The Academic Staff Union of Universities (ASUU) on Monday extended the ongoing strike by four weeks.

ASUU president Prof Emmanuel Osodeke announced this in a statement.

The industrial action which has seen many varsities closed started on February 14.

Osodeke said the decision was reached at an emergency national executive committee meeting of the association at the University of Abuja on Sunday.

“Following extensive deliberations and taking cognisance of Government’s past failures to abide by its own timelines in addressing issues raised in the 2020 FGN/ASUU Memorandum of Action (MOA), NEC resolved that the strike be rolled over for four weeks to give Government more time to satisfactorily resolve all the outstanding issues. The roll-over strike action is with effect from 12.01 am on Monday, 1st August 2022,” the statement read.

“The NEC meeting took place against the backdrop of government’s obligations as spelled out in the Memorandum of Action (MOA) it signed with ASUU on 23rd December 2020. Specifically, NEC recalled the government’s failure to conclude the process of renegotiating the 2009 FGN/ASUU Agreement, deploy the University Transparency and Accountability Solution (UTAS), pay outstanding arrears of Earned Academic Allowances (EAA), release the agreed to sum of money for the revitalization of public universities (Federal and States), address proliferation and governance issues in State Universities, settle promotion arrears, release withheld salaries of academics, and pay outstanding third-party deductions led to the initial declaration of the roll-over strike on 14th February 2022.”

He added that the NEC viewed with seriousness the recent directive given by President Muhammadu Buhari to the minister of education Adamu Adamu to resolve the lingering crisis and report to him within two weeks.
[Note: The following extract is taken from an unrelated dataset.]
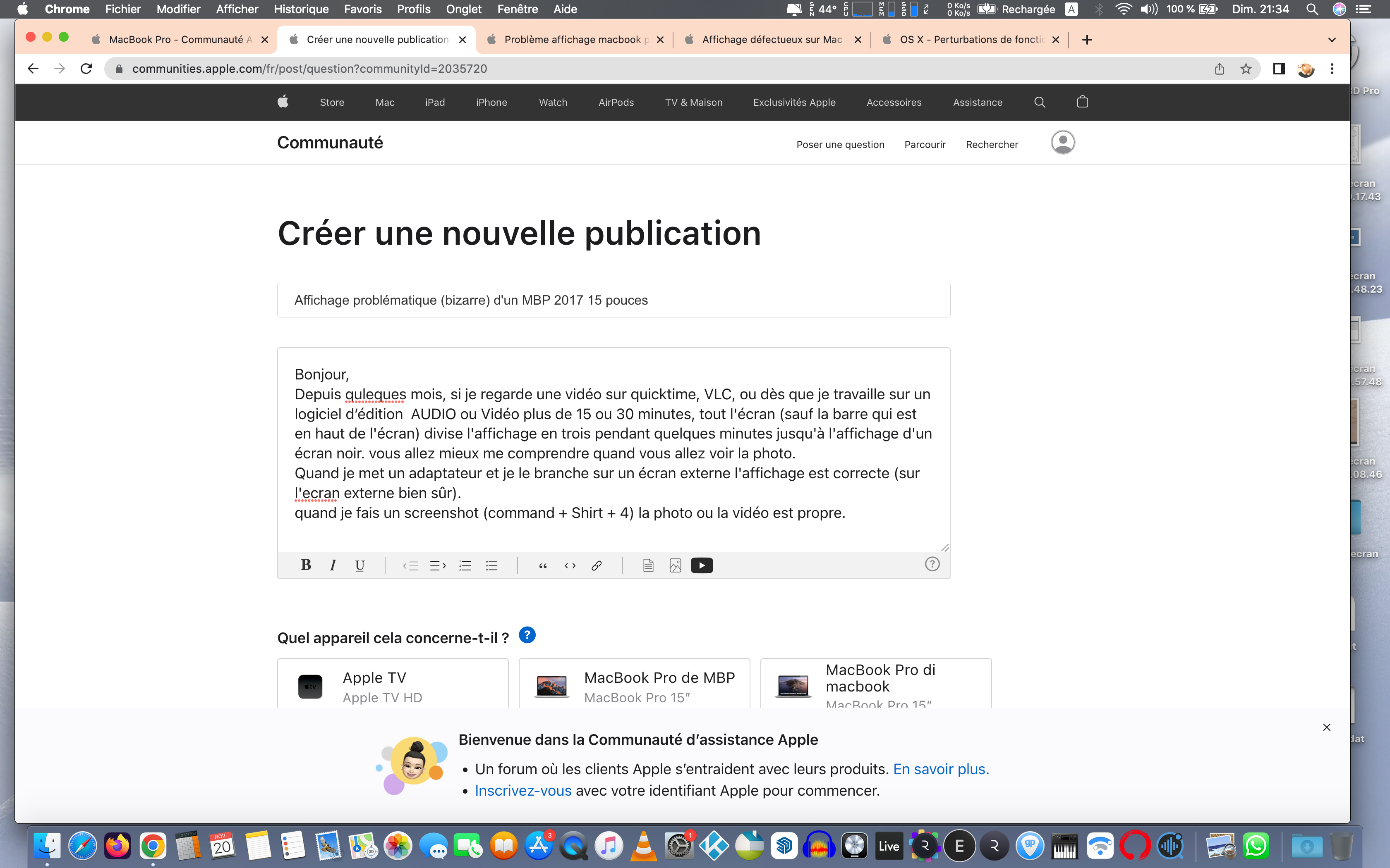 Si je regarde une vidéo sur quicktime, VLC, Youtube, ou dès que je travaille sur un logiciel d’édition AUDIO (LOGIC PRO) ou Vidéo (FCPX) plus de 15 ou 30 minutes, tout l'écran (sauf la barre qui est en haut de l'écran) divise l'affichage en trois pendant quelques minutes jusqu'à l'affichage d'un écran noir. vous allez mieux me comprendre quand vous allez voir la photo.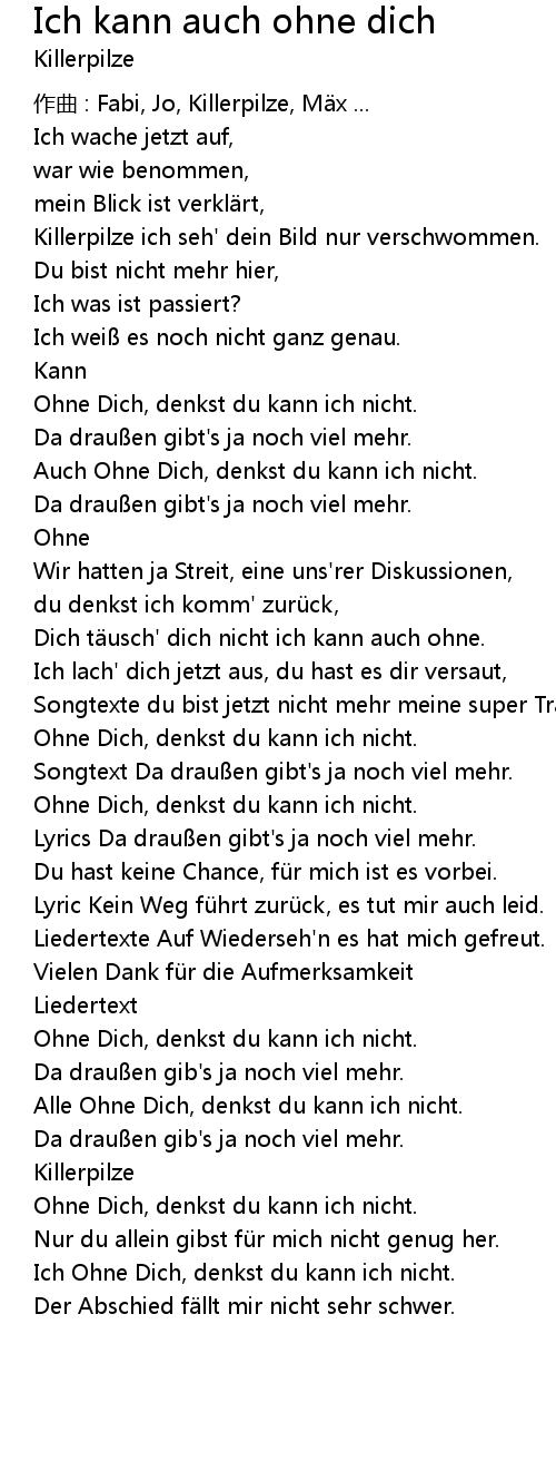| Auch Ohne Dich, denkst du kann ich nicht. | |

“NEC appreciated the historic nationwide protest of 26th and 27th July 2022 organised by the Nigeria Labour Congress (NLC) in collaboration with Civil Society Organisations (CSO) to further create awareness on the antics of the Nigerian ruling class to destroy public education. ASUU renews its commitment to the struggles of NLC in championing the cause of the working and suffering Nigerians,” the statement said.